BBI 0.00% $3.98 babcock & brown infrastructure group

sparcs, page-11

  1. 4,510 Posts.
    You may well regret asking me that emark. It all depends emark on a multitude of factors:

    1. Whether SPARCS bonds get paid out in cash or shares. That is NZ$142M to convert into shares. Until they negotiated the rollover, it looked as though these were going to convert into shares. Note that although BBI Networks bonds have a higher security than the SPARCS bonds, the SPARCS bonds have the advantage of maturing earlier. Therefore I strongly suspect that the major SPARCS noteholders will not rollover a second time if the need arose to do so. Their only significantly leverage is keeping their maturity date in front of the BBI Netwroks bonds, but if the company does not have the cash by May 2010 when the next conversion date comes around, a lot are going to opt for shares I suspect. The senior banks are totally not going to let the SPARCS bonds get paid out in cash until they are satisfied as to the viability of the company. The threat of dilution right now remains very significant from the SPARCS bonds.

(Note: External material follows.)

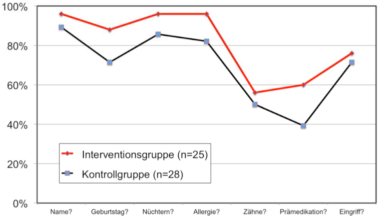 In der Kontrollgruppe des der Intervention vorhergehenden Trimester Januar - März 2018 wurden insgesamt 28 Studierende bei der Abfrage der Sicherheitsfragen des präoperativen Checks beobachtet. In der Interventionsgruppe konnten 25 Studierende observiert werden (siehe Abbildung 1 [Abb. 1]).

    2. Whether BBI Networks bonds get paid out in cash or shares. That is NZ$150M to convert into shares. The sweep facility, assuming there are significant asset sales, will trigger significant payouts of these bonds and therefore hoepfully avoid quite a bit of dilution.

    3. Whether BEPPA gets converted into shares or paid back. That is $700M capital, plus the accrued interest. This interest will continue to accrue to the SPARCS maturity in 2010 and until the BBI Networks bonds are fully paid off. This will take this liability well past $800M. I just cannot right now see where the money for this is going to come from. Unless the company restructures these to limit the dilution and comes to some agreement with the holders on the deferred interest, there is going to be significant dilution.

    4. Whether the company can engineer enough asset sales to repay corporate debts before they fall due.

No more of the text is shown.